I've been running the case -mach edison -compset FC5AV1C-01 -res ne30_oEC, which includes -clubb_sgs in CAM_CONFIG_OPTS, and have been getting BFB results.

@singhbalwinder, could you check if this multi-threading test works for you

If it runs okay, the PE block can probably be removed?

amametjanov commented 8 years ago

Update: the PET_PT_Ln9.ne30_ne30.FC5AV1C-L.edison_intel test passed:

So the comment appears to be out-of-date.

mt5555 commented 8 years ago

Recent CAM bugfix suggests that CLUBB is thread safe, EXCEPT when clubb_history is enabled:

"Reintroduced the check in build-namelist to prohibit running with more than one thread if clubb_history is enabled. This feature does not run properly when more than when thread is used."

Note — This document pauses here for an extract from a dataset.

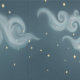 Dreamy depictions of the moon in various phases nestled in swirling clouds.
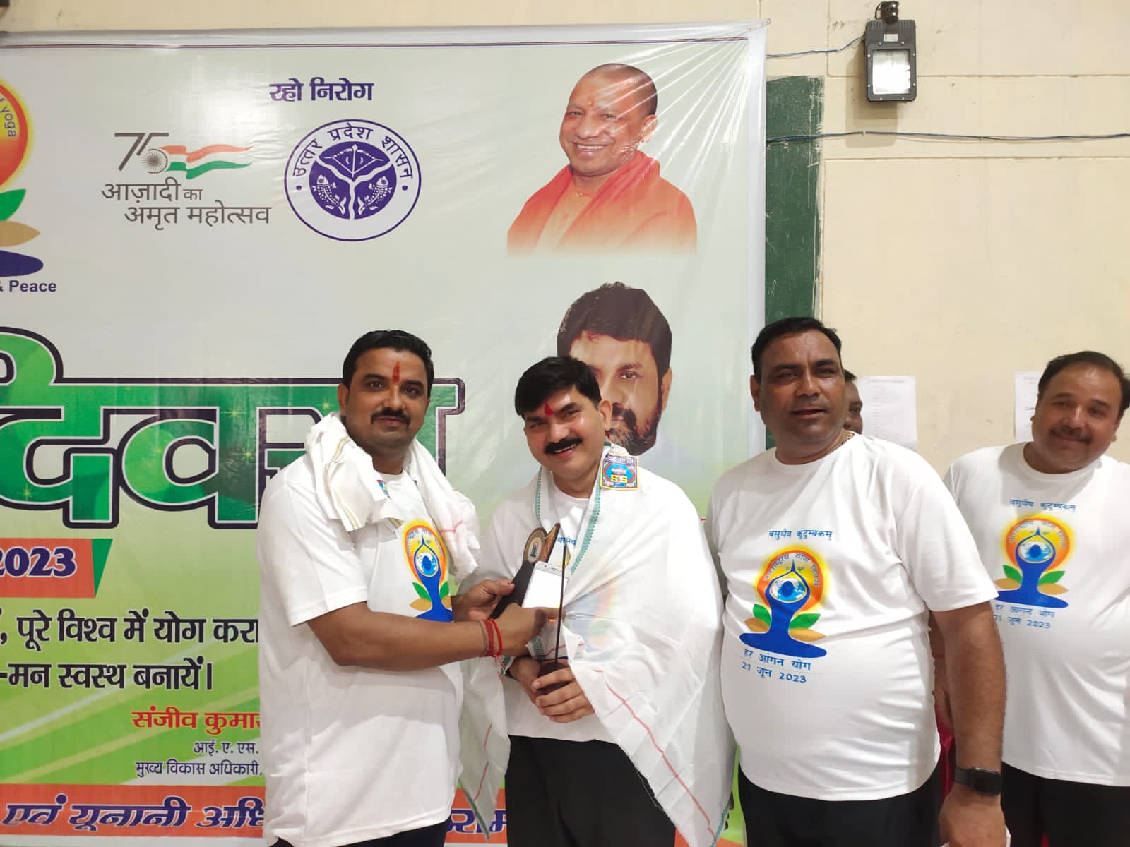 योग शिविर के बाद डॉ आर एन सिंह द्वारा राष्ट्रगान कराया गया कार्यक्रम के समाप्त होने के बाद क्षेत्रीय आयुर्वेदिक एवं यूनानी अधिकारी के द्वारा अधिकारियों सहित डॉ आर एन सिंह को मोमेंटो देकर सम्मानित किया गया तथा रविंद्र कुमार गुप्ता कमलापुरी के द्वारा अधिकारियों और डॉ आर एन सिंह YCB आयुष मंत्रालय भारत सरकार एवं चेयरमैन शौर्य प्राकृतिक चिकित्सा एवं योग शिक्षण संस्थान बलरामपुर यूपी एफिलिएटिड योग सर्टिफिकेशन बोर्ड आयुष मंत्रालय भारत सरकार एवं फिट इंडिया खेल मंत्रालय भारत सरकार को अंग वस्त्र देकर सम्मानित किया ।

singhbalwinder commented 8 years ago

Should I verify if this is the case? I can run a PET_PT_Ln9.ne30_ne30.FC5AV1C-L case with clubb_history on.

mt5555 commented 8 years ago

I thought we should at least document this issue and keep it open for now. Not sure if it is worth investigating right now, unless you often run with clubb_history enabled.

worleyph commented 8 years ago

We could backport this NCAR change, to abort in case someone tries to use this with threading. Seems like a simple way of insuring that we don't forget :-).

singhbalwinder commented 8 years ago

In a recent CAM tag, NCAR did the following for CLUBB: -- Reintroduced the check in build-namelist to prohibit running with more than one thread if clubb_history is enabled. This feature does not run properly when more than when thread is used. -- Removed the ability to turn on clubb_do_deep as it was an unsupported feature

Should I incorporate this change into ACME? I think this will address the concerns raised in this issue.

rljacob commented 8 years ago

Is clubb_history not something we want "on" for all production runs?

singhbalwinder commented 8 years ago

I am not sure about that. @wlin7 , would you please respond to Rob's question?

wlin7 commented 8 years ago

Hi @rljacob , @singhbalwinder , it is for recording useful statistics for the clubb sub-model if wanted to dig deeper into how clubb does the works. But no, it is not something we want 'on' for typical production runs.

singhbalwinder commented 8 years ago

Thanks @wlin7 ! In that case, I think the NCAR fix can serve our needs.